Fragrant Bursera (Bursera fagaroides)

Native to the Sonoran Desert and subtropical scrub habitats of Mexico and Arizona this tree is also called torchwood copal because of its fragrant resin. The tree was initially sold to me as Busera odorata, which according to the online Encyclopedias of Living Forms (www.llifle.com) is a synonym for the accepted scientific name Bursera fagaroides.

August 2, 2020:
The tree today.
April 24, 2013:
Baked potatoes!

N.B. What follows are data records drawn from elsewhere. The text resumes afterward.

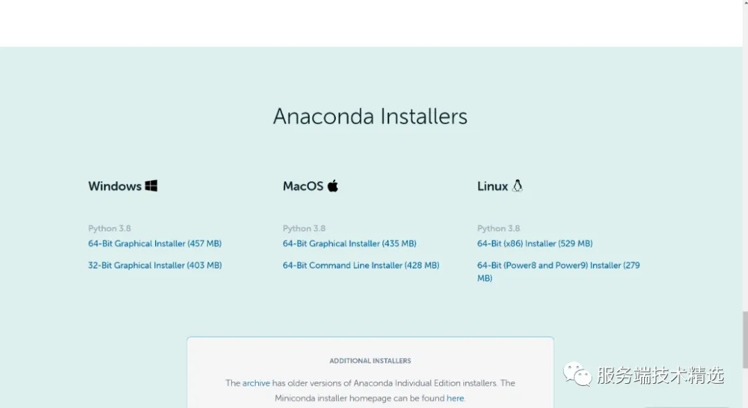 2. 根据自己的设备类型 (Mac/Windows),选择合适的安装包版本。无论 Windows 还是 Mac, 都选择 Graphical Installer,它代表图形化的安装器,之后更易于使用。
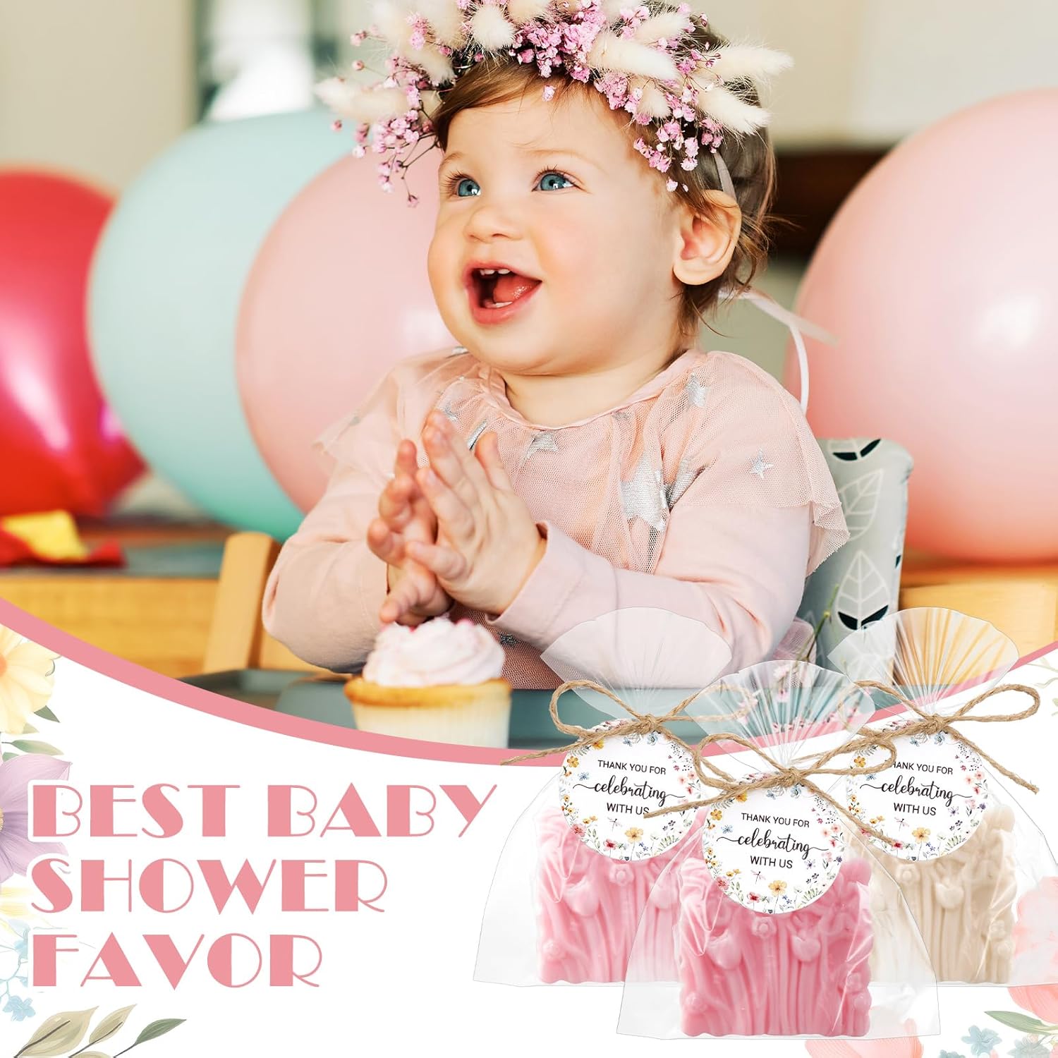 Demissle 20 Pcs Baby Shower Soap Favors Wildflowers Baby Shower in Bloom Flower Bath Soap Gift Set with White Greeting Card Handmade Gifts for Guests Decorations Supplies(Classic Color,Classic Style)
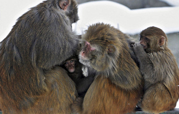 当地时间2012年1月11日,印度斯利那加地区。Tangmarg公园,猴子们挤在一起相互取暖。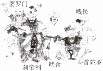 探究1:制度:古代印度的种姓制度。等级:婆罗门、刹帝利。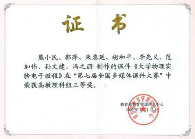 为了能够更好地适合公司实际的实验教学,满足实验教学改革的需要,物理实验室老师通过培训和教学竞赛不断提高自身的教学能力并获得多项竞赛奖,如湖南省高等公司物理实验青年教师讲课比赛一等奖、湖南省高等公司课堂教学竞赛三等奖、伟德中国官网教学成果奖“二等奖”,全国老员工物理实验竞赛一等奖等。同时物理实验室出版了多部实验教材,编写了《大学物理实验补充教材》、《大学物理实验》和《大学物理实验教程》等教材。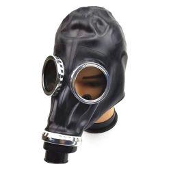 Masque à gaz Breath Game Noir, en caoutchouc robuste, pour asphyxie érotique. Vision claire, confort maximal, usage ludique.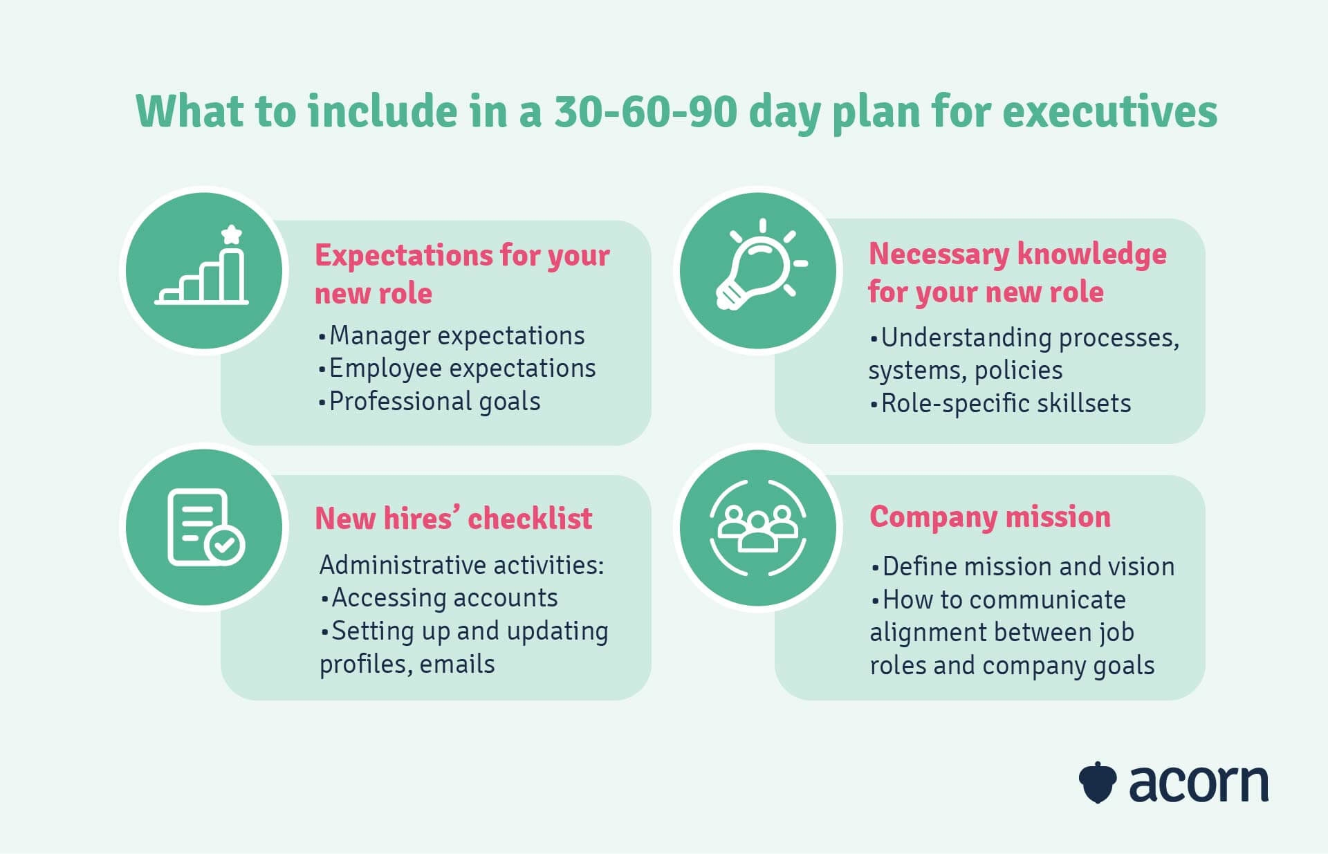 1. First 30 Days: In the first 30 days of your new role, focus on learning the ins and outs of the company, its culture, and your specific responsibilities. Set goals such as establishing relationships with your team members, understanding key processes, and identifying areas for improvement.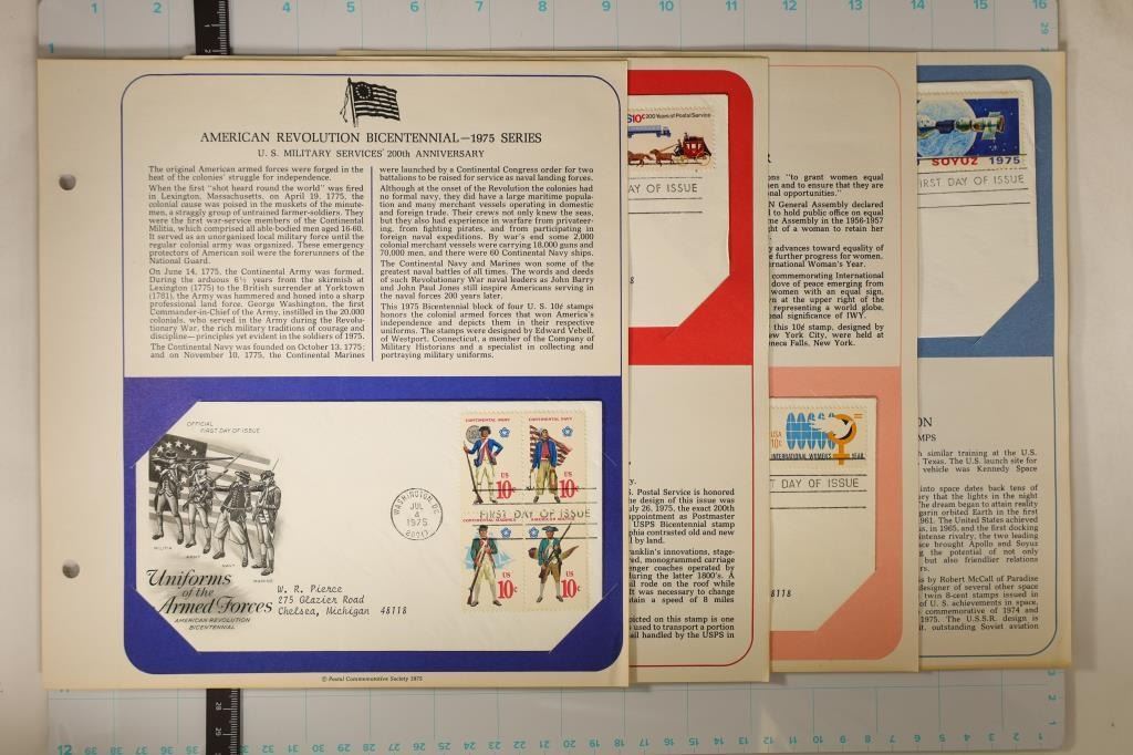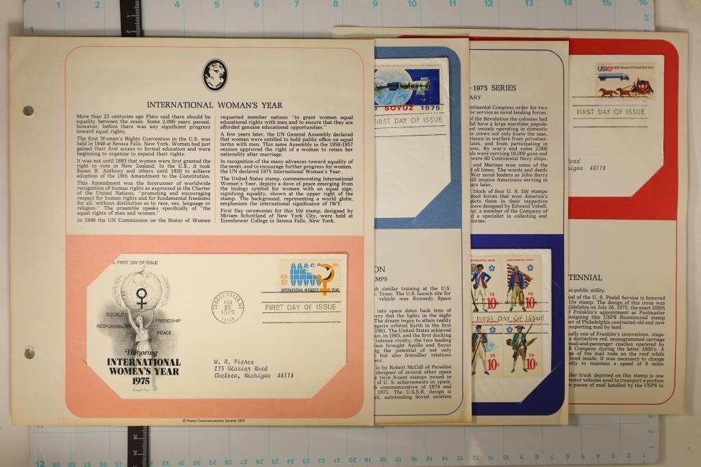 INTERNATIONAL WOMANS YEAR, 1975 JOINT US-SOVIET COOPERATION IN MANNED SPACE FLIGHT, 1975 UNIFORMS OF THE ARMED FORCES AND 1975 US POSTAL SERIVCE BICENTENNIAL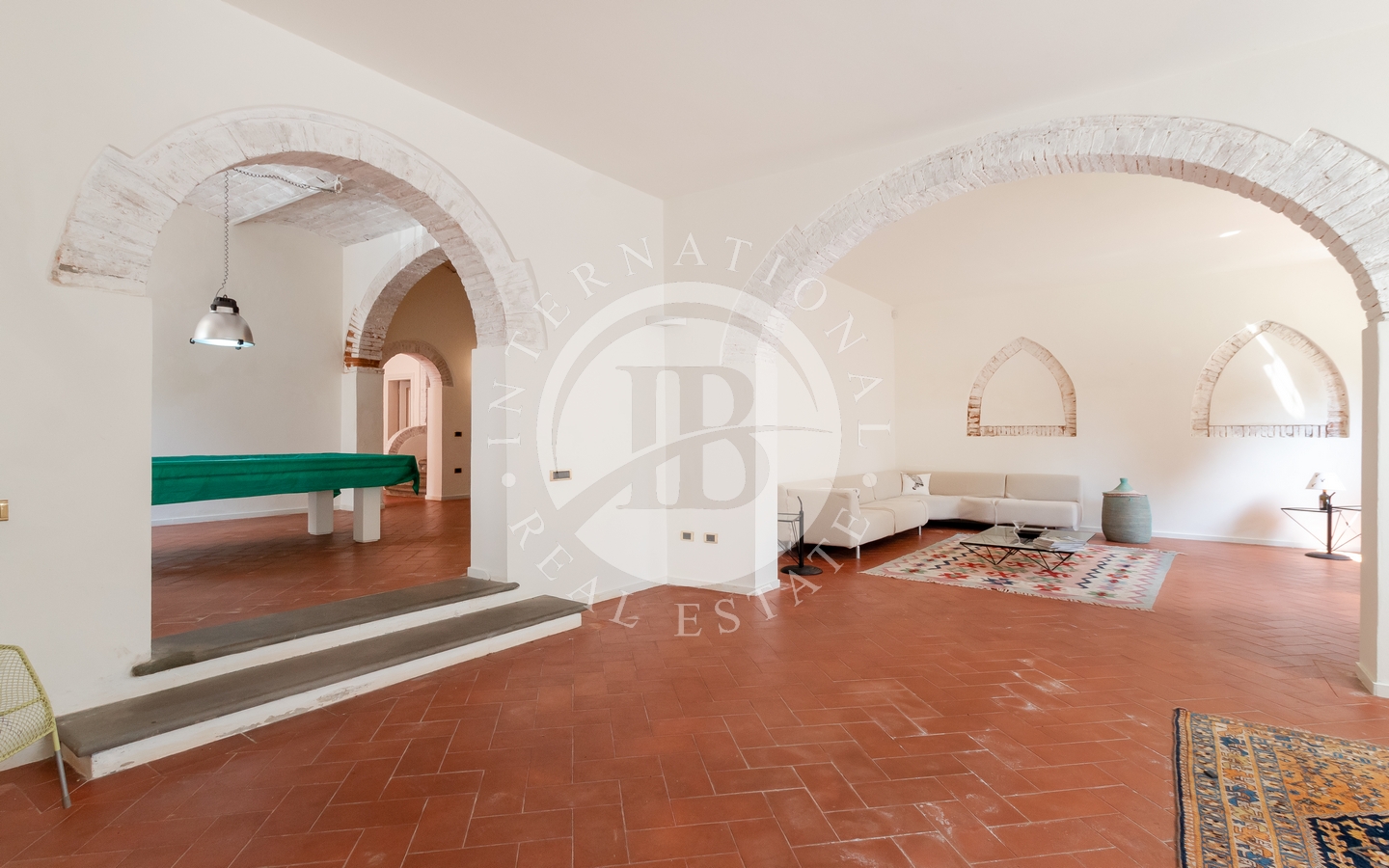 amino, due soggiorni (uno con grande camino e l'altro con affaccio sul giardino), e un bagno completano il piano.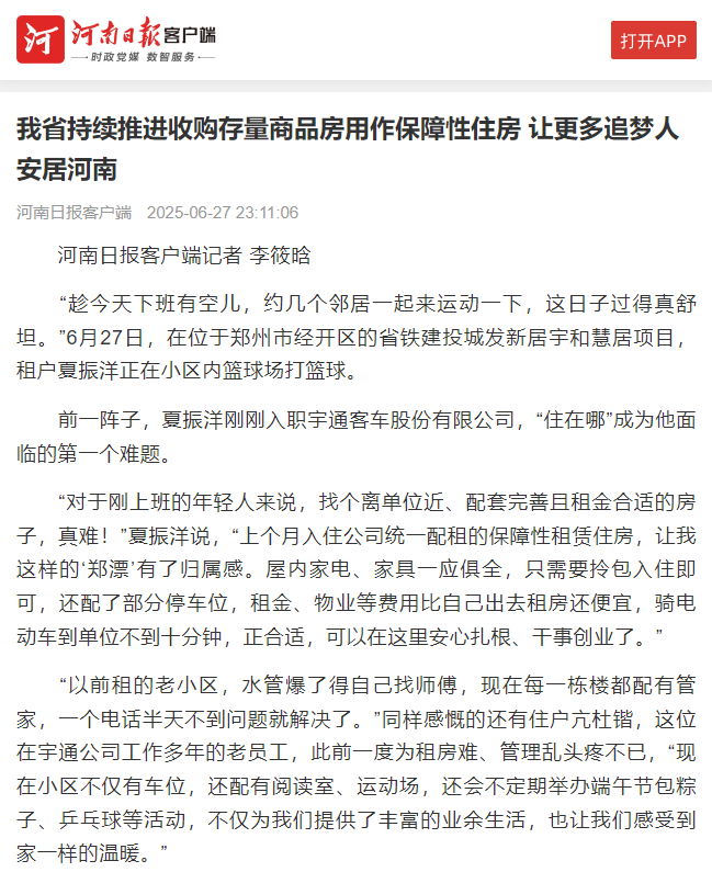 此前,省住房城鄉(xiāng)建設(shè)廳指導(dǎo)河南省鐵路建設(shè)投資集團(tuán)有限公司、河南中豫建設(shè)投資集團(tuán)股份有限公司分別注冊成立子公司,參與鄭州、洛陽的存量商品房收購工作。鄭州因地制宜開展商品住房“以舊換新”,通過國企收購存量房用作保障性住房、聯(lián)動(dòng)開發(fā)企業(yè)和經(jīng)紀(jì)機(jī)構(gòu)推動(dòng)居民換購新房,打通一二手房聯(lián)動(dòng)轉(zhuǎn)化通道,更好滿足群眾多樣化改善需求。

The tree when it first arrived together with a Ficus petiolaris from Botanic Wonders. I still have both trees, which have put on a lot of growth in the ensuing years.
April 24, 2013:
The tree in a bonsai pot.
February 14, 2015:
The tree about two years later showing inverse taper at the base.
April 25, 2016:
Planted in a deeper pot.
July 27, 2016:
Inverse taper still visible at the base.
April 8, 2018:
Begin third repot.
April 8, 2018:
Poor root system.
April 8, 2018:
Branch-pruned and covered inverse taper by planting deeper in the pot.
May 12, 2018:
Growth.
July 20, 2018:
More growth.
September 30, 2018:
A lot more growth.
September 30, 2018:
Wired.
December 15, 2018:
Winter.
June 8, 2019:
Developing into a small tree.
July 26, 2020:
The tree at the end of July.
August 1, 2020:
Branch-pruned.
August 2, 2020:
The tree today from the opposite side. I still haven’t chosen the front/back.